-- Opening Marker --

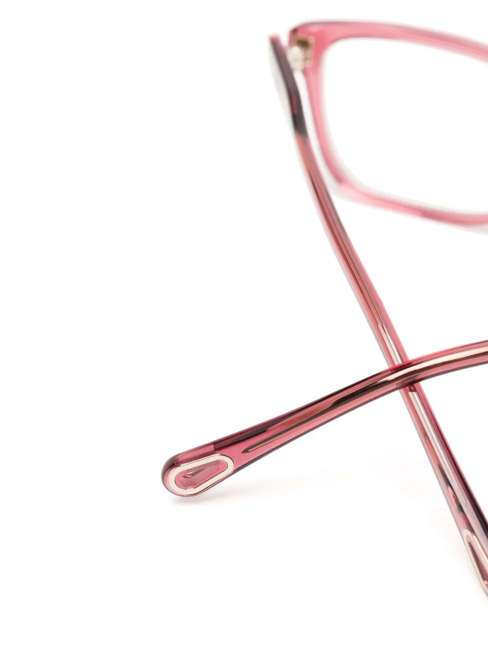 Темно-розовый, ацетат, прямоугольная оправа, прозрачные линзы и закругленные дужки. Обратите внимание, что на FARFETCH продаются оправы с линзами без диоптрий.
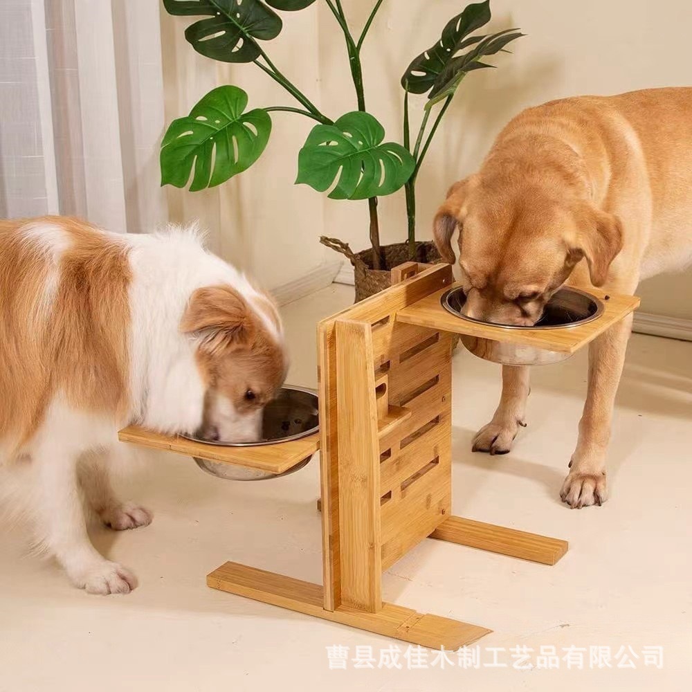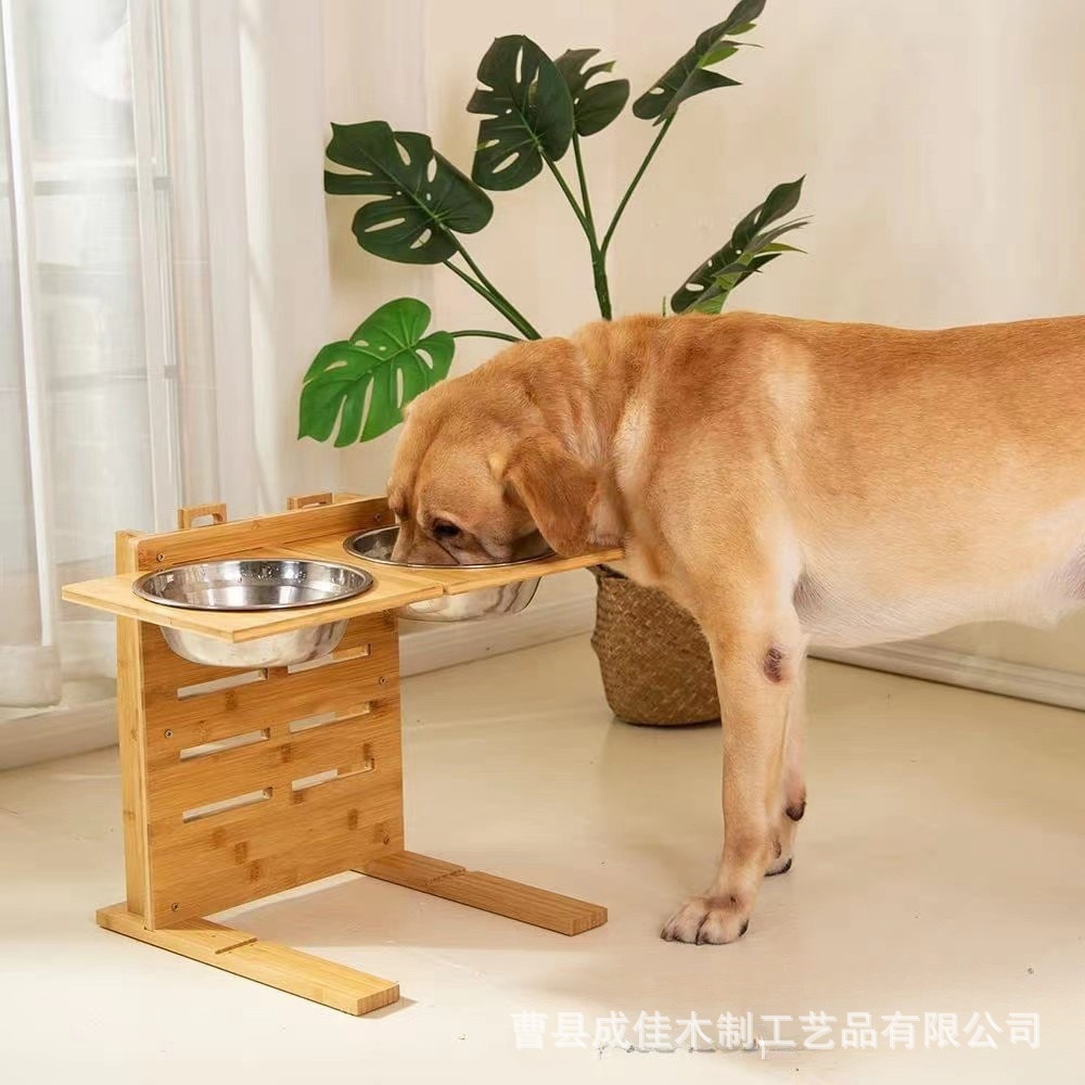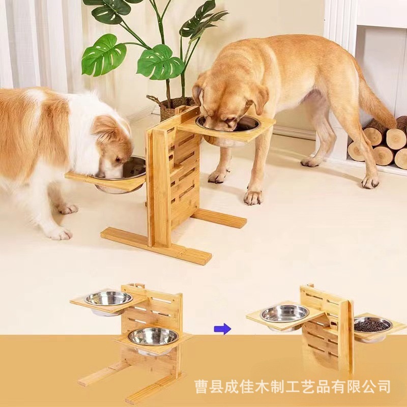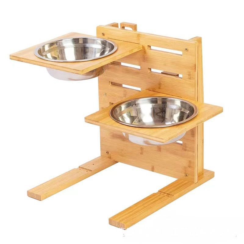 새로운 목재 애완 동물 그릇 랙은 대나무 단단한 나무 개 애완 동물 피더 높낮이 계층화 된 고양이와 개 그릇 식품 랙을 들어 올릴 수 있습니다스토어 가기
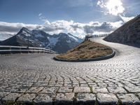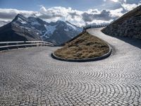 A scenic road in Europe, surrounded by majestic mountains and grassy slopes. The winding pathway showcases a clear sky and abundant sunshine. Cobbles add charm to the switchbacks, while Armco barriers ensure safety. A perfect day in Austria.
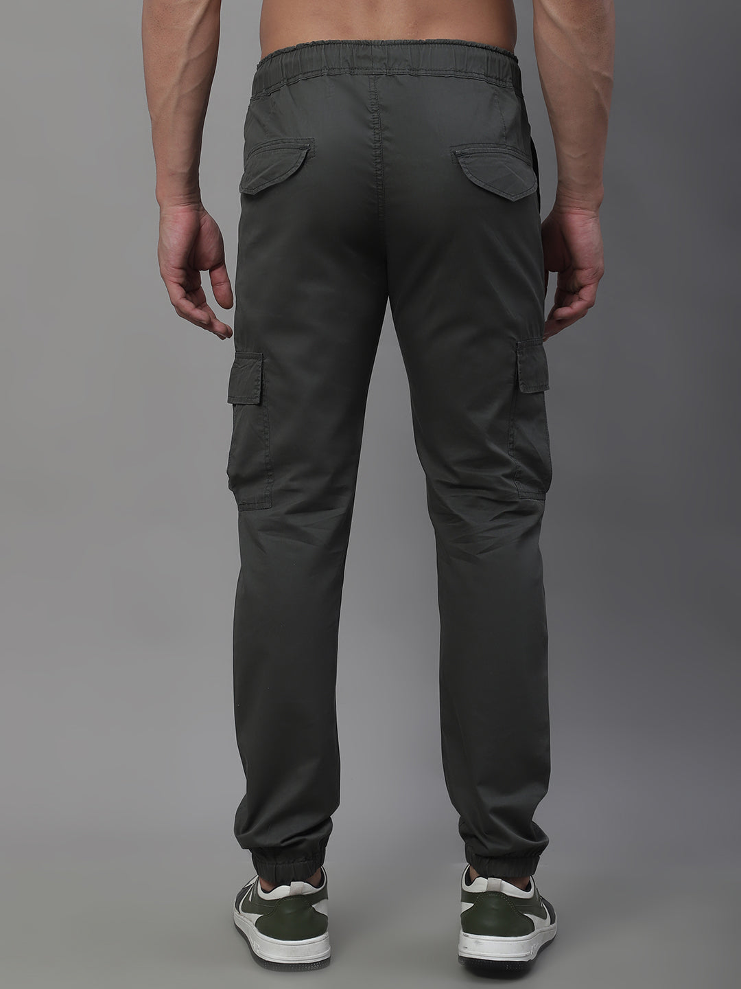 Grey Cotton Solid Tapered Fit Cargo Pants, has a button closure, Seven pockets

-- Closing Marker --
-- Opening Marker --

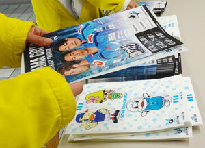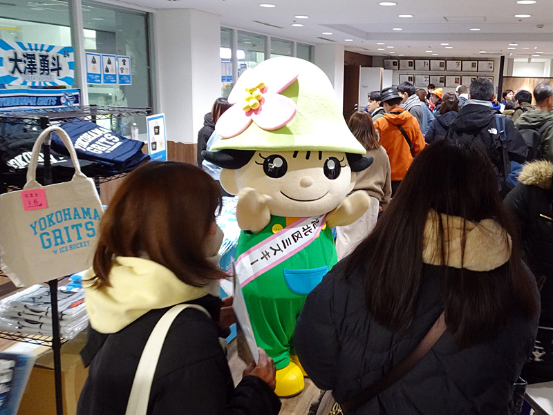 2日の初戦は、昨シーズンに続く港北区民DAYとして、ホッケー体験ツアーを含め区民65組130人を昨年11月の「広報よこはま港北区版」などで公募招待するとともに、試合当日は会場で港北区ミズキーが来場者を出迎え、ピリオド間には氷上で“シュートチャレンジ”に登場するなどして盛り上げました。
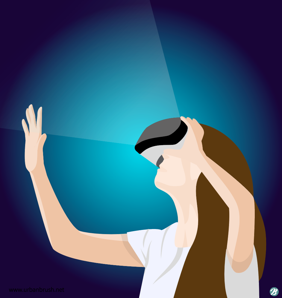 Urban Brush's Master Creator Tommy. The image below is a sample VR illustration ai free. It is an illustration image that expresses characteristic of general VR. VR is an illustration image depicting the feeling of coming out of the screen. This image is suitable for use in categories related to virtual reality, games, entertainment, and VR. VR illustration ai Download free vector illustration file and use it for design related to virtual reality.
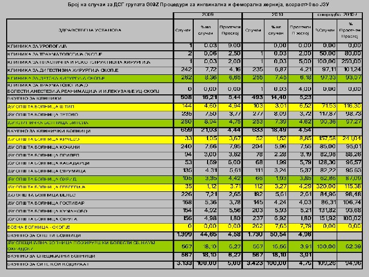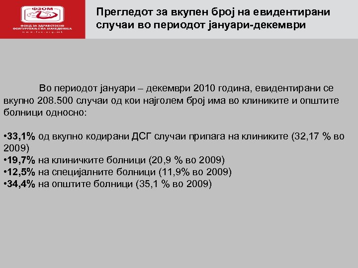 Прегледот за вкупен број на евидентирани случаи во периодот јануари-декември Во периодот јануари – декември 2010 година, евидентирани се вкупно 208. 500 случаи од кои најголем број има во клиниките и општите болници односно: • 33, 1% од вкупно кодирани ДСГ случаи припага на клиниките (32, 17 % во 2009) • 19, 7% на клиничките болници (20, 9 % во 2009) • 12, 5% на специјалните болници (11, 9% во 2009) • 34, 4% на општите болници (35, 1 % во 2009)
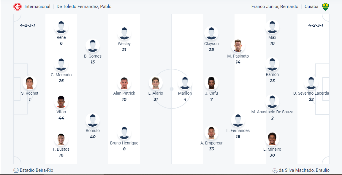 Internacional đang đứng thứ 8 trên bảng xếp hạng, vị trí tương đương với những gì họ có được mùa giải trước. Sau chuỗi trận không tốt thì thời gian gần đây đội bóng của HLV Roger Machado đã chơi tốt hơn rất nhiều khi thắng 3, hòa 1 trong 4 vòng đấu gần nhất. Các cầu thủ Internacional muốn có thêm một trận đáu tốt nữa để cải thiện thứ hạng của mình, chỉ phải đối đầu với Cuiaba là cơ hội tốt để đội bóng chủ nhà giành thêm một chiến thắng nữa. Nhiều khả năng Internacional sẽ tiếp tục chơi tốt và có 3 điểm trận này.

-- Closing Marker --

▶ About this exercise: Within the listing above, copy exactly the lines that start at the one with "Темно-розовый, ацетат, прямоугольная" and continue through the one with "새로운 목재 애완 동물". Omit pictures.

▶ Exercise response:
 Темно-розовый, ацетат, прямоугольная оправа, прозрачные линзы и закругленные дужки. Обратите внимание, что на FARFETCH продаются оправы с линзами без диоптрий.
 새로운 목재 애완 동물 그릇 랙은 대나무 단단한 나무 개 애완 동물 피더 높낮이 계층화 된 고양이와 개 그릇 식품 랙을 들어 올릴 수 있습니다스토어 가기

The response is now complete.